──────── Data extract

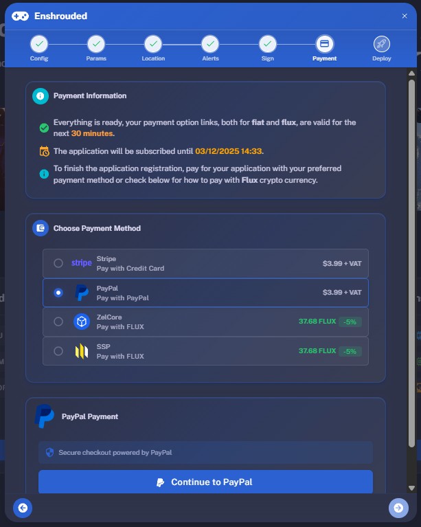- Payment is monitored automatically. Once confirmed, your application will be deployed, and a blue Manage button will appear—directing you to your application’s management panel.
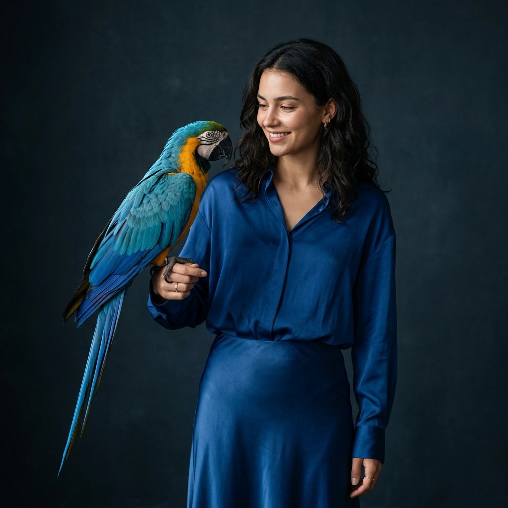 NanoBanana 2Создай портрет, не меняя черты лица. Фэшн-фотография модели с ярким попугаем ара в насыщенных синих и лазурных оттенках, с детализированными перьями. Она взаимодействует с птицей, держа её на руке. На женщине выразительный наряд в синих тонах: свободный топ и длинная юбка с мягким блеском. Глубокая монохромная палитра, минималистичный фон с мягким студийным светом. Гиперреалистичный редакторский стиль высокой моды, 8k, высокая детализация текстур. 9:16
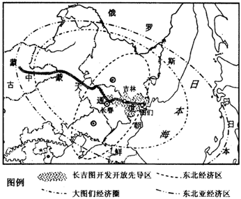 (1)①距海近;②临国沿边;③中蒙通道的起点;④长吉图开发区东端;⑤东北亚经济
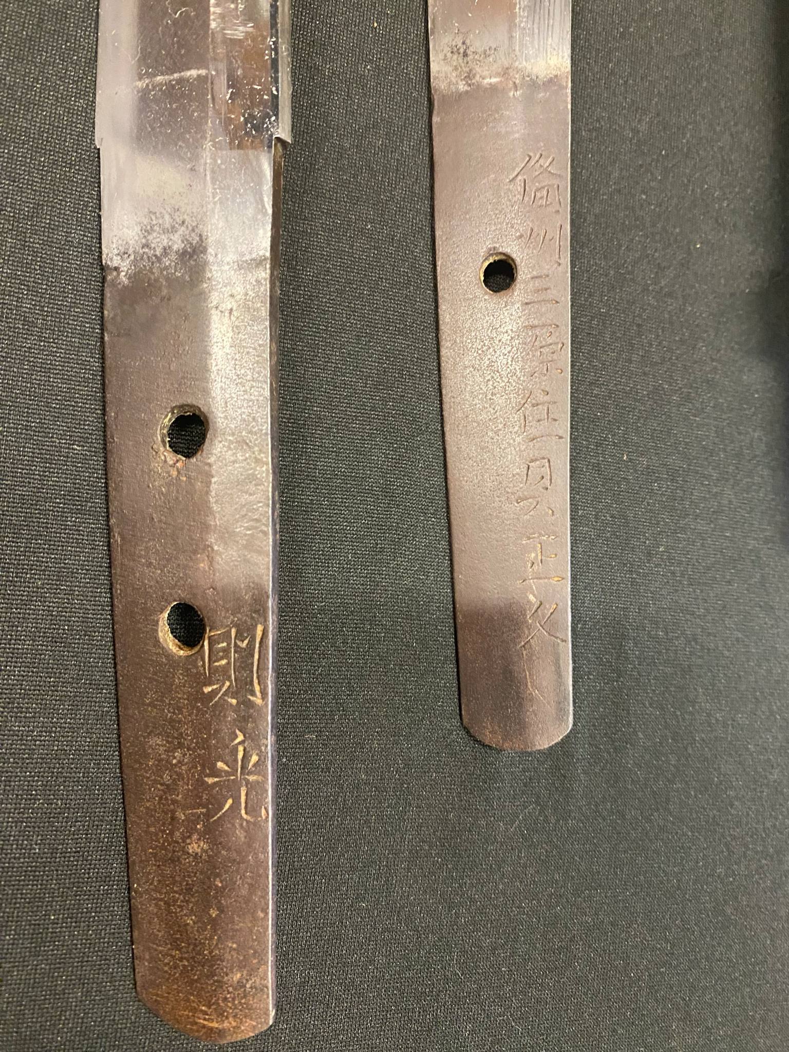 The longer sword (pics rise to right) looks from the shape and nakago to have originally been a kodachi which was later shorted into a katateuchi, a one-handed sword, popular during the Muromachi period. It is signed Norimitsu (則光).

────────────────

* **Task details**:
Word for word, return the material, omitting the pictures.

* **Your response**:
- Payment is monitored automatically. Once confirmed, your application will be deployed, and a blue Manage button will appear—directing you to your application’s management panel.
 NanoBanana 2Создай портрет, не меняя черты лица. Фэшн-фотография модели с ярким попугаем ара в насыщенных синих и лазурных оттенках, с детализированными перьями. Она взаимодействует с птицей, держа её на руке. На женщине выразительный наряд в синих тонах: свободный топ и длинная юбка с мягким блеском. Глубокая монохромная палитра, минималистичный фон с мягким студийным светом. Гиперреалистичный редакторский стиль высокой моды, 8k, высокая детализация текстур. 9:16
 (1)①距海近;②临国沿边;③中蒙通道的起点;④长吉图开发区东端;⑤东北亚经济
 The longer sword (pics rise to right) looks from the shape and nakago to have originally been a kodachi which was later shorted into a katateuchi, a one-handed sword, popular during the Muromachi period. It is signed Norimitsu (則光).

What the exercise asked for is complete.